Между ними завязался разговор, быстрый, легкий, как будто они начали его вчера, а сегодня торопятся договорить, потому что тема казалась им злободневной и ее нельзя было отложить ни на час. Да и как отложить, если речь шла о вещах совершенно неотложных. О том, что все в мире как бы приходит на прежнюю ступень. О том, что христианское общество было вначале смирен-но и кротко, а потом вознеслось и предалось суеверию, воздвигло начальника, и римский папа стал всесильным царем. О том, что явился Лютер, устроил раскол и ушел из-под власти папы. О том, что стало исчезать суеверие, истина полюбилась людям, но недолго торжествовала… Не стало ничего святого…
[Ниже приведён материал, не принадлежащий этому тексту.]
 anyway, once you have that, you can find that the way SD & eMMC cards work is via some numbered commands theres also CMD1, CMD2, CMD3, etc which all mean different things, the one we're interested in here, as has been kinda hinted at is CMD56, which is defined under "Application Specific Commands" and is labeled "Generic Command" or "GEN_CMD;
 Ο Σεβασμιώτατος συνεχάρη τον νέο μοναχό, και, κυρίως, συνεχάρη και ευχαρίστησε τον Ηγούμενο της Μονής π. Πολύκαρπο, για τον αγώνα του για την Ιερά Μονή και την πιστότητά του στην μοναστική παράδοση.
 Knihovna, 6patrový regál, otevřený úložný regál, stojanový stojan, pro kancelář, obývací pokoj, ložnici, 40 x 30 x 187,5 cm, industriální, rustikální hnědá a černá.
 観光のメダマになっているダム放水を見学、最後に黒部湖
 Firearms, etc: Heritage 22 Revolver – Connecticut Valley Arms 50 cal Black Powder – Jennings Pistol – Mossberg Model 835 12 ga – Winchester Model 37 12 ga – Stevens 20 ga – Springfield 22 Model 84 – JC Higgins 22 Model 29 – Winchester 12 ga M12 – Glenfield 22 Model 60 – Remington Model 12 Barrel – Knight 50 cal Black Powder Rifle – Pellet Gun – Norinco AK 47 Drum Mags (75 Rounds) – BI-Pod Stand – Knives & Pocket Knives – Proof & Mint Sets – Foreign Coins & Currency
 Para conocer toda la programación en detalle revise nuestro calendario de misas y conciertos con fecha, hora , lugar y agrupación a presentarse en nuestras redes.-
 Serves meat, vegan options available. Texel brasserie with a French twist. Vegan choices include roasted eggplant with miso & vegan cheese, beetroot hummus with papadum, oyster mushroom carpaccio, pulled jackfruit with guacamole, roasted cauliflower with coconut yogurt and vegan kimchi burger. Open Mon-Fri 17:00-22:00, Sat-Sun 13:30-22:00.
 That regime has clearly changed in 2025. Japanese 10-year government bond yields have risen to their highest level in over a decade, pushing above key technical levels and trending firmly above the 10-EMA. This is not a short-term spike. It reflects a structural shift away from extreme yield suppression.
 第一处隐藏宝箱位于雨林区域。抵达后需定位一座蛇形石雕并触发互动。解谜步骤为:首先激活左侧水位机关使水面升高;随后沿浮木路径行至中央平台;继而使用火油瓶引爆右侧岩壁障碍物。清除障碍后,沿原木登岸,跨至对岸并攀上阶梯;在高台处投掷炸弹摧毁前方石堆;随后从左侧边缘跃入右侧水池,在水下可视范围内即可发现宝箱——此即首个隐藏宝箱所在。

— Это дойдет до пределов возможного и вернется вспять — такая перемена мыслей предстоит нашему времени, — сказал Радищев.
Воронцов смотрел задумчиво:
— Странно, я думал вы — щеголь.
Дочь сидела в кресле неподвижно и не обернулась на звуки шагов. Василий Кириллович боялся этих припадков меланхолии, когда Анна замыкалась в себе и не отвечала на вопросы. «Опять остекленела», — тоскливо подумал Василий Кириллович и покашлял. Она продолжала упорно глядеть в окно.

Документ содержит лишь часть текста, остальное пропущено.